Analyst Stickiness and Stock Return Predictability
研究发现分析师在更新预测时存在粘性,倾向于向先前预测靠拢,这种粘性在认知噪声较高的分析师中更明显,且粘性分析师的共识修正比传统共识修正对股票收益有更强的预测能力。
Abstract This study estimates analyst-level stickiness in forecast updating and investigates its underlying determinants. Consistent with recent experimental findings on belief updating under cognitive noise, analysts often compress their forecasts toward an intermediate default, such as prior forecasts, when uncertain about forecast precision, leading to forecast stickiness. This tendency is more evident among analysts with characteristics associated with higher cognitive noise, including lower forecast accuracy, limited experience, and complex portfolio coverage, and during periods of heightened macroeconomic uncertainty.

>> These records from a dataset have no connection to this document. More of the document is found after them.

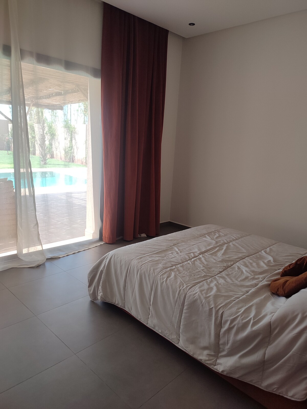 Beautiful villa for rent with pool, not overlooked, at the Orangeraie de Dyar Shemsi. 3 rooms: Living room, open kitchen, two bedrooms, bathroom, patio, two terraces, large garden. The villa is located in a secure estate 35 minutes from Agadir! Available in the residence: - Gym - Tennis court - Golf driving range - Ping pong table - Shared pool - Beauty salon - Groceries -Bookshelf - Multiple lakes - Walking - Free golf cart service
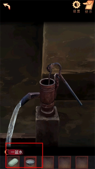30、点击完整的压井,出水口出水,对着水流使用道具:脸盆。获得一盆水
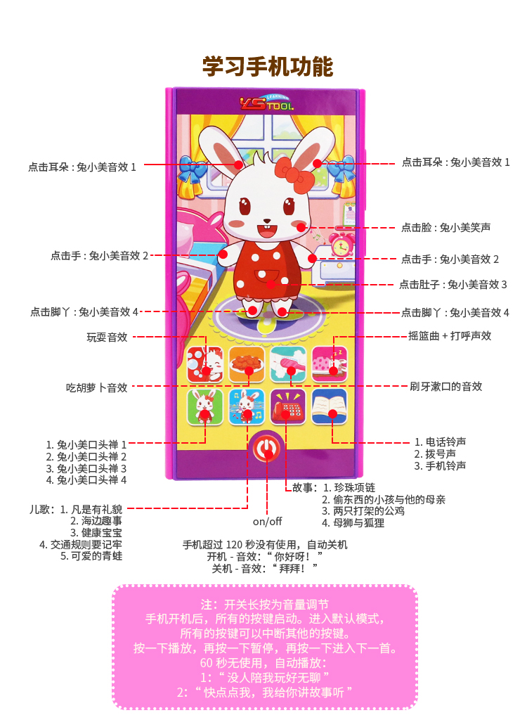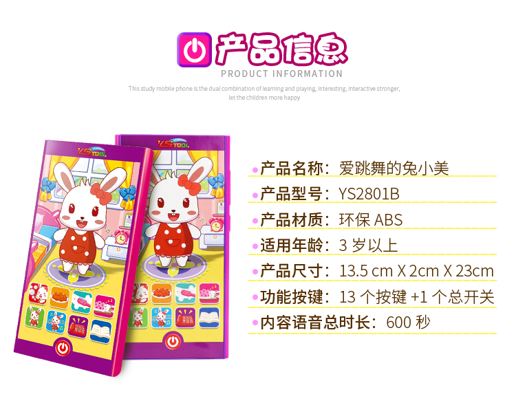 YS2801B 爱跳舞的兔小美学习手机
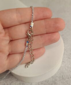 Colar com aproximadamente 40 cm de comprimento, mais 5 cm de extensor.
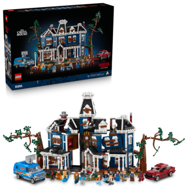 Verken het Ondersteboven met de LEGO Icons Stranger Things: Het huis van de familie Creel (11370) bouwset voor volwassenen, een gedetailleerd model van het griezelige Victoriaanse landhuis
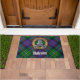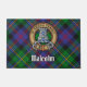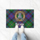 Clan Malcolm or MacCallum crest badge surrounded by a strap and buckle over tartan background. Custom text.
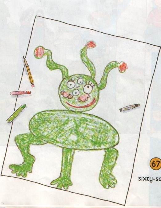 Parle avec ton copain. C'est mon monstre. Il s'appelle Zog. Il est vert et rouge. Il a quatre yeux et deux nez. Il a trois pieds. Il n'a pas de mains. Il a mal à la tête.
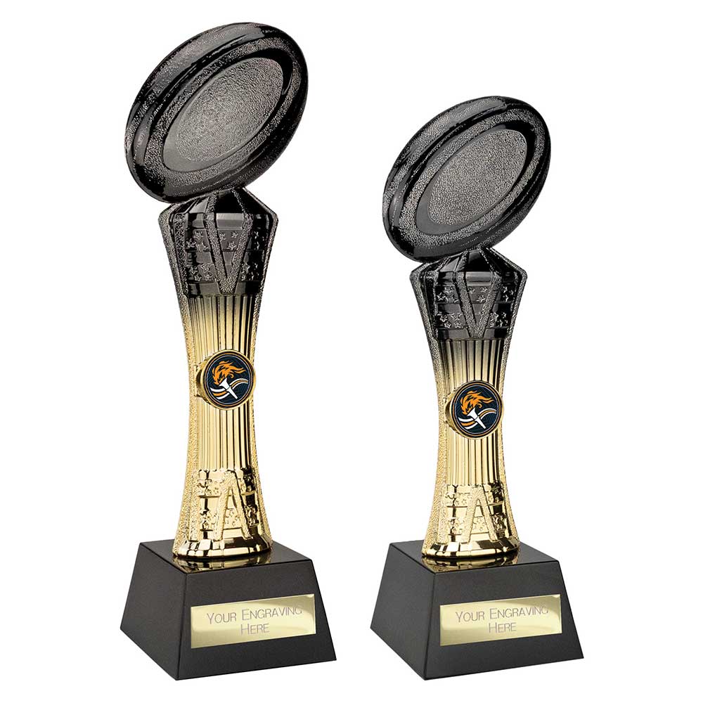 The Extreme Rugby Trophy is a bold and modern award designed to make a strong impression at any rugby presentation. Standing at either 260mm or 290mm, this eye-catching trophy features a striking rugby ball design combined with a sleek black and gold finish, making it ideal for recognising outstanding performances.
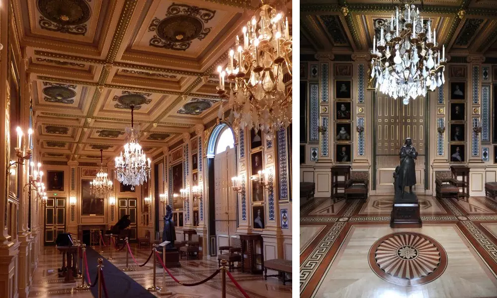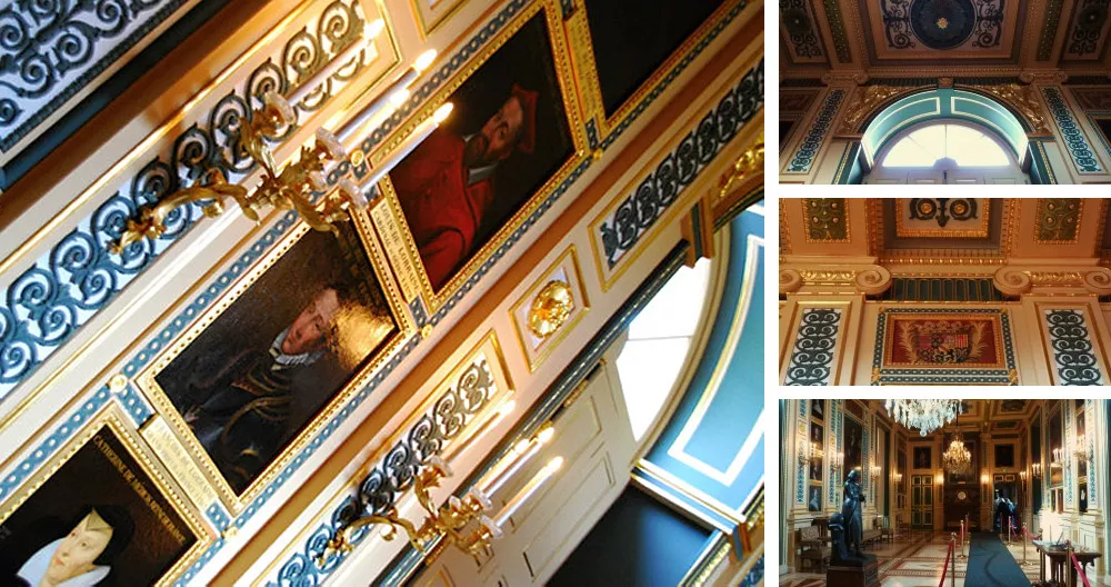Travée de l’escalier et des salons, boudoir et habillage plomb des corniches.
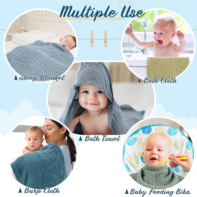 - Absorbent Infants Bath Towels: the baby bath towels and washcloths in this set boast 6 layers of muslin cotton; The quality muslin baby towels are adept at absorbing moisture from your baby's body quickly, ensuring they are dry and cozy after their bath; This ultra absorbency feature distinguishes these infant towels from the competition, making it the smart and efficient choice for baby care
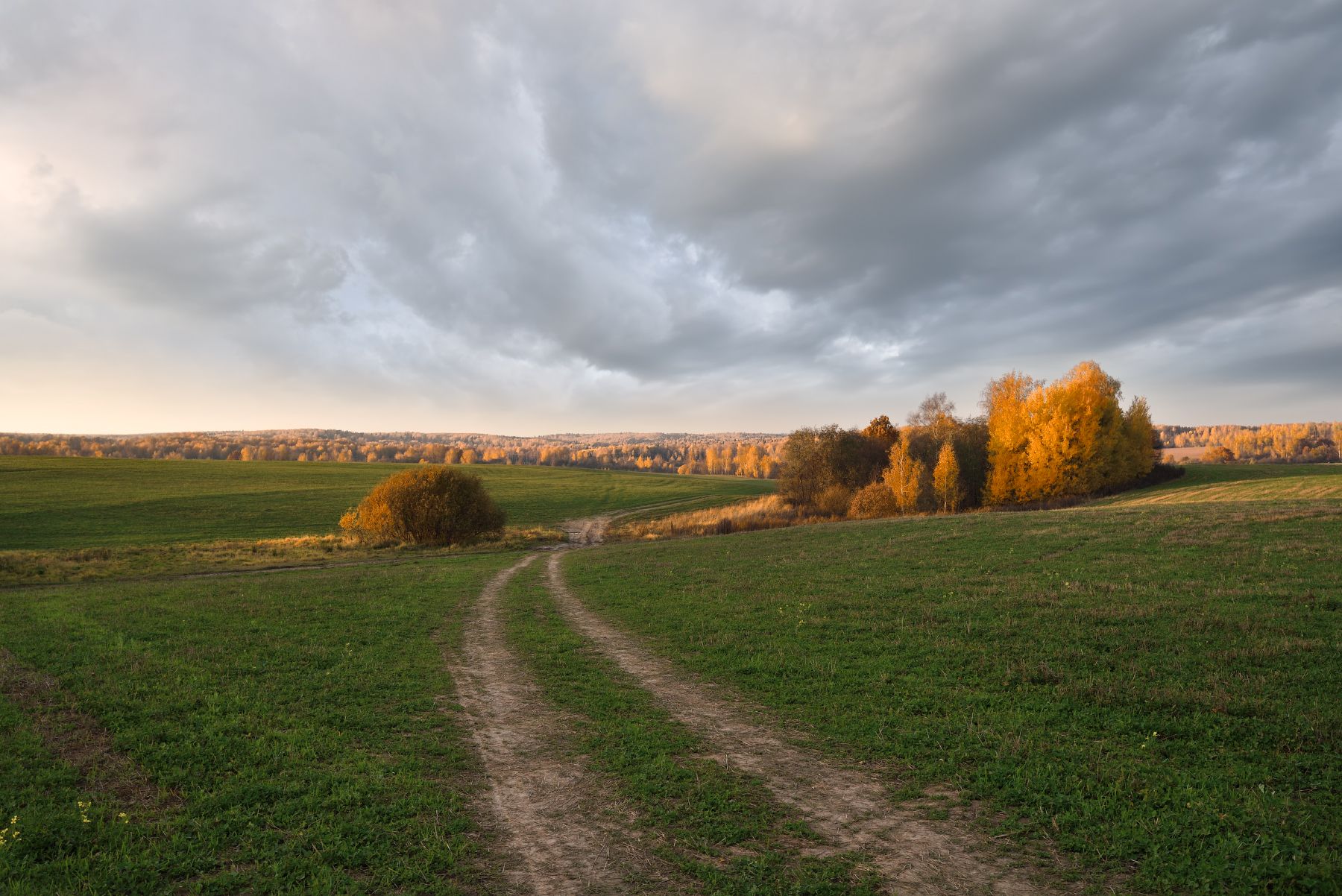 осень,поле,дорога,свет,деревья,небо,облака,закат, Виталий Полуэктов

A model incorporating sticky updating behavior shows that the consensus revision by sticky analysts exhibits stronger return predictability than the traditional consensus revision by all analysts, with this predictability increasing with the proportion of sticky analysts covering a stock. Empirical evidence supports these predictions. Additionally, the return predictability of sticky revisions is especially pronounced when forecast difficulty is elevated. Analyst-level stickiness provides more information about the cross-section of stock returns than firm-level stickiness.